Book Review: On Shakespeare’s Sonnets – A Poets’ Celebration  

Edited by Hannah Crawforth and Elizabeth Scott-Baumann
Published by Bloomsbury, Arden Shakespeare.

Shakespeare’s 154 sonnets are some of the loveliest and best known poems in English. And as Mr Shakespeare knew they would (“my verse shall stand” – Sonnet 60) they have more than stood the test of time since they were first published in 1609.

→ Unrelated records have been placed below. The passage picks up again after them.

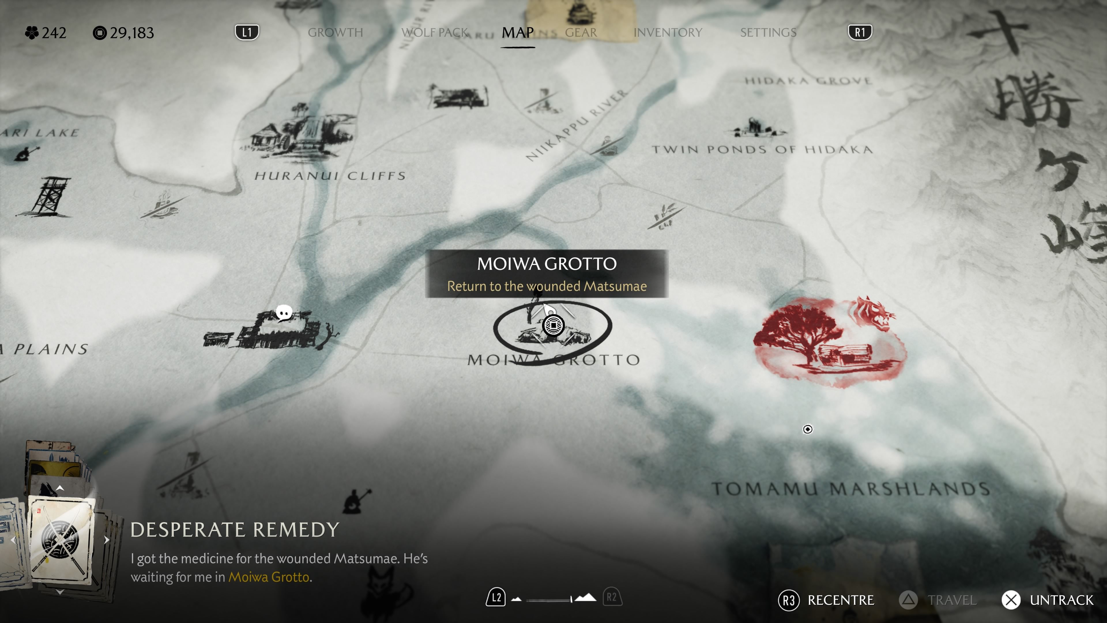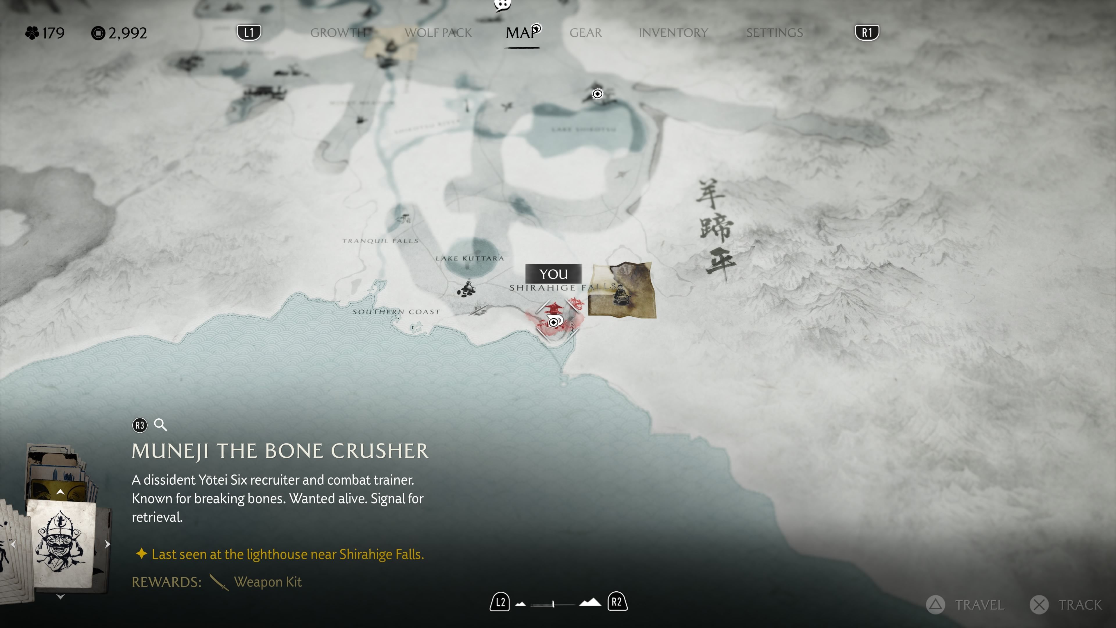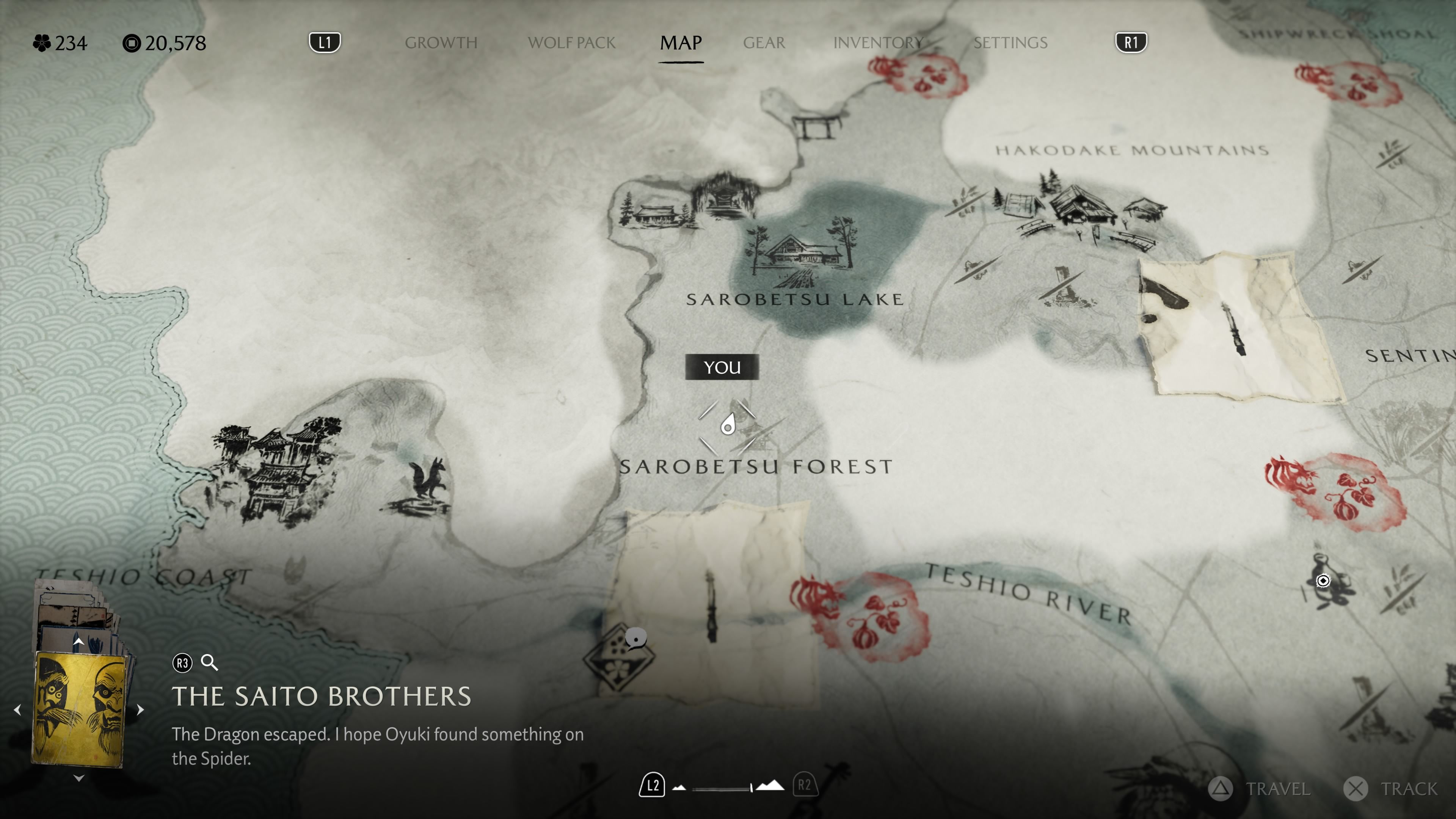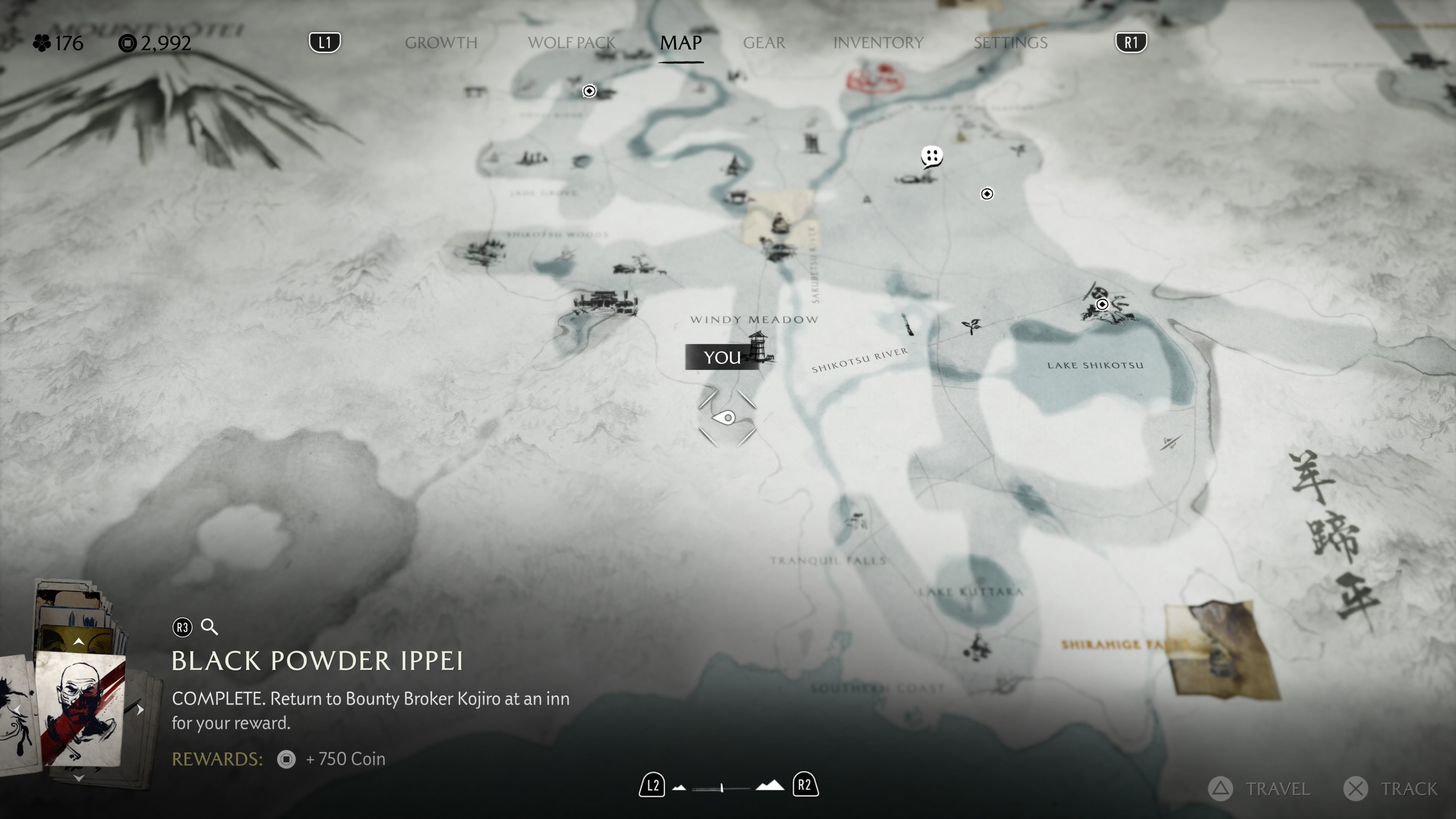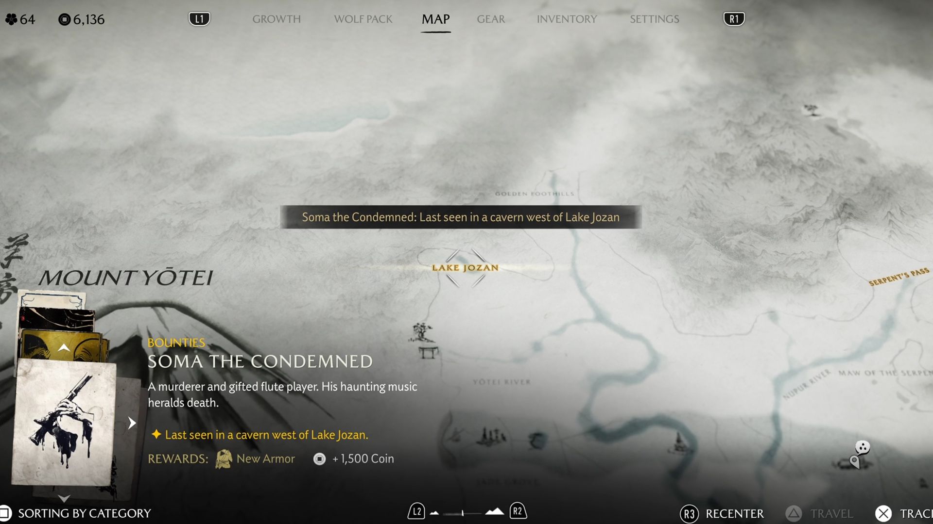 Once you’ve finished the earlier quests in the Yotei Grasslands, go back to the Yotei’s Shadow Inn and talk to Kojiro, who’s near the bounty board. He’ll give you a new quest: to find Soma the Condemned. You’ll find Soma north of the Yotei River, on the western side of Lake Jozan. Look for a cave at the edge of the map with a locked gate. To open the gate, swipe left on the touchpad and play the “Song of Soma” on your shamisen (you’ll get this song automatically). Then, go through the cave to start the fight.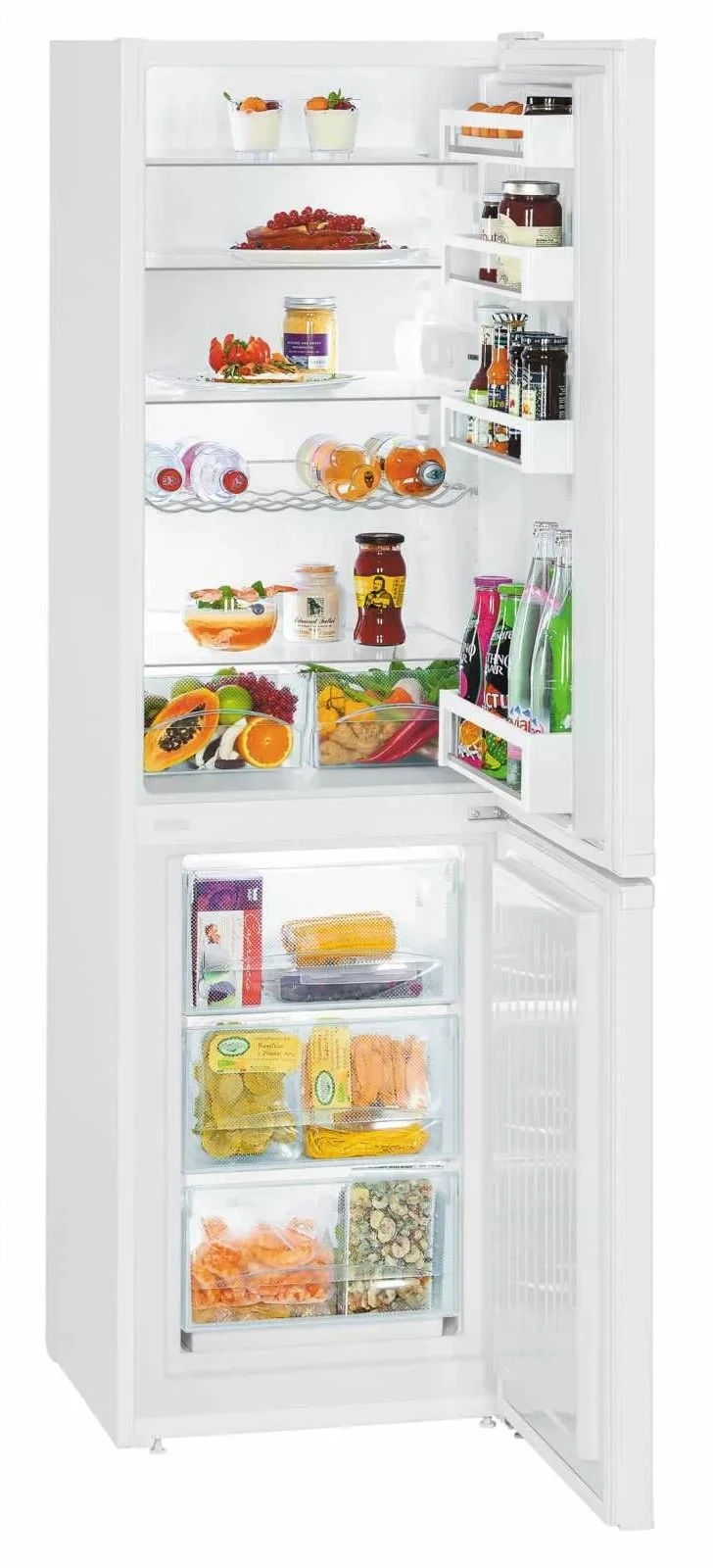 Liebherr CUE 3331 — це високий, місткий двокамерний холодильник з нижньою морозильною камерою, який поєднує в собі зручність, енергоефективність і надійність. Завдяки системі SmartFrost у морозильному відділенні зменшується утворення льоду, що дозволяє рідше розморожувати камеру. Загальний об’єм становить 296 літрів, з яких 212 л займає холодильне відділення, а 84 л — морозильне. Висота 176,1 см дозволяє вмістити більше продуктів, не займаючи надто багато місця на кухні.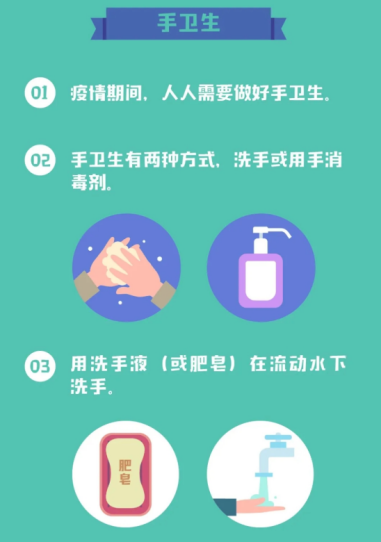 疫情期间,人人需要做好手卫生。中国疾控中心说,手卫生有两种方式,洗手或者用手消毒剂。用洗手液(或肥皂)在流动水下洗手。可选用含醇速干手消毒剂或醇类复配速干手消毒剂揉搓双手。可直接用75%乙醇擦拭双手。醇类过敏者,可选择季铵盐类等有效的非醇类消毒剂。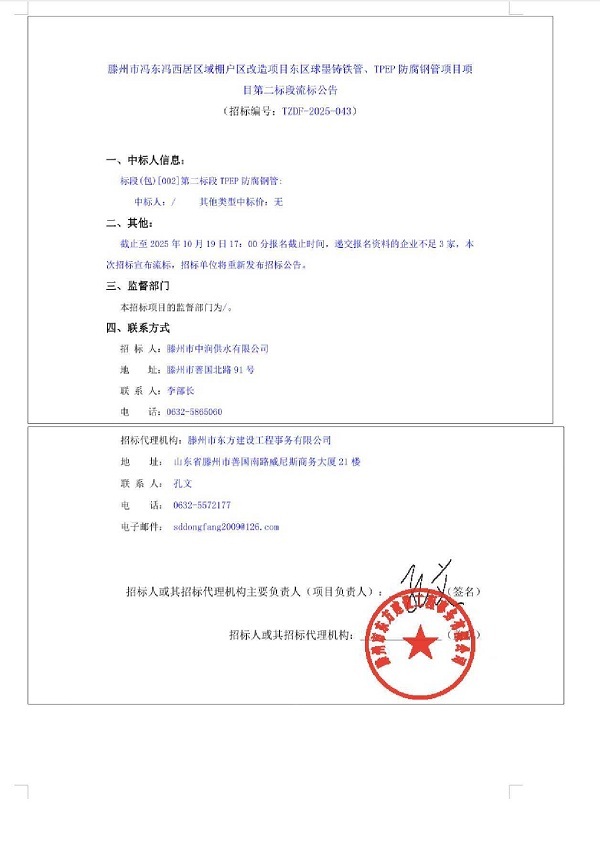 滕州市馮東馮西居區(qū)域棚戶區(qū)改造項(xiàng)目東區(qū)球墨鑄鐵管、TPEP防腐鋼管項(xiàng)目項(xiàng)目第二標(biāo)段流標(biāo)公告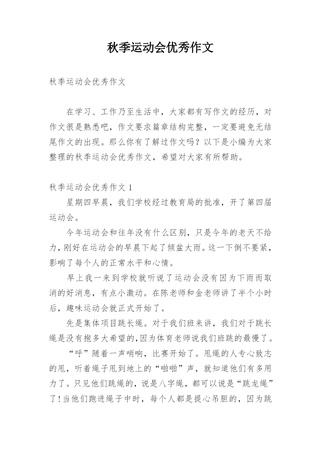 秋季运动会优秀作文秋季运动会优秀作文在学习、工作乃至生活中,大家都有写作文的经历,对作文很是熟悉吧,作文要求篇章结构完整,一定要避免无结尾作文的出现。那么你有了解过作文吗?以下是小编为大家整理的秋季运动会优秀作文,希望对大家有所帮助。秋季运动会优秀作文1星期四早晨,我们学校经过教育局的批准,开了第四届运动会。今年运动会和往年没有什么区别,只是今年的老天不给力,刚好在运动会的早晨下起了倾盆大雨。这一下倒不要紧,影响了每个人的正常水平和心情。早上我一来到学校就听说了运动会没有因为下雨而取消的好消息,有点小激动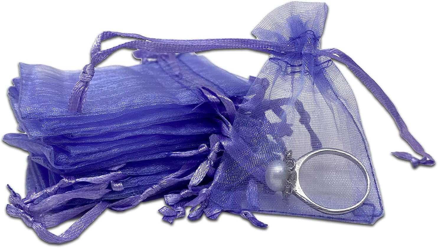 TheDisplayGuys 100-Pack XS 2 x 2 3/4" Lavender Sheer Organza Gift Bags with Drawstring, Jewelry Candy Treat Wedding Party Favors Mesh Pouch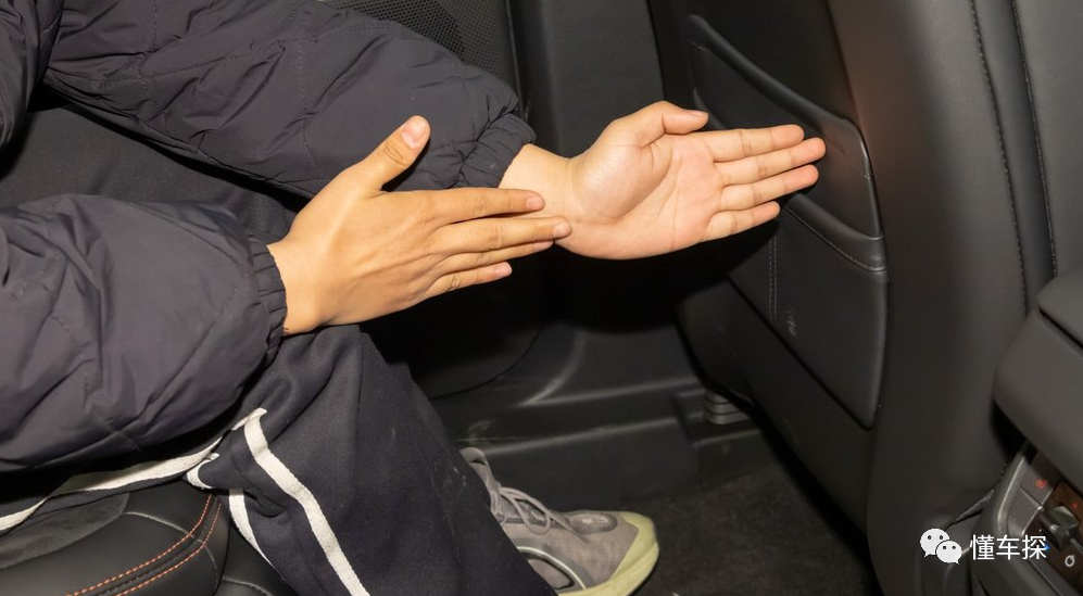 第二排为独立座椅设计,两个座椅均带有腿托,靠背角度可向后调节到41°,靠背和大腿夹角可达105°,坐姿相当舒适。

Now, to mark the quartercentenary of Shakespeare’s death – comes a rather ingenious book in which 30 of today’s most acclaimed poets – including Andrew Motion, Wendy Cope, Douglas Dunn, Paul Mundoon, Gillian Clarke – have been asked to contribute some form of poetic response to the sonnets. Some have written sonnets of their own. Others have written other forms of poetry. Roger McGough has assembled a new cleverly coherent sonnet entirely out of Shakespeare’s first lines, claiming that he simply couldn’t devise an original sonnet of his own.

Thus we get Paul Farley’s poem Gentian Violet (with echoes of DH Lawrence, who was himself profoundly influenced by Shakespeare) in response to Shakespeare’s Sonnet 99 “The forward violet thus did I chide”. And there are moving responses by Jo Shapcott and David Harsent to Sonnet 73 about ageing and mortality “That time of year thou mayst in me behold”.

I found plenty of potential for some interesting free rein English and other lessons in this sparky little book. Why not share some of the sonnets with Key Stage 3, Key Stage 4 and post-16 students and then ask them to write their own responses in any poetic form they wish? Or use some or these poems as a way of exploring and gaining understanding of different sonnet forms. Or just enjoy them yourself and share with your students!.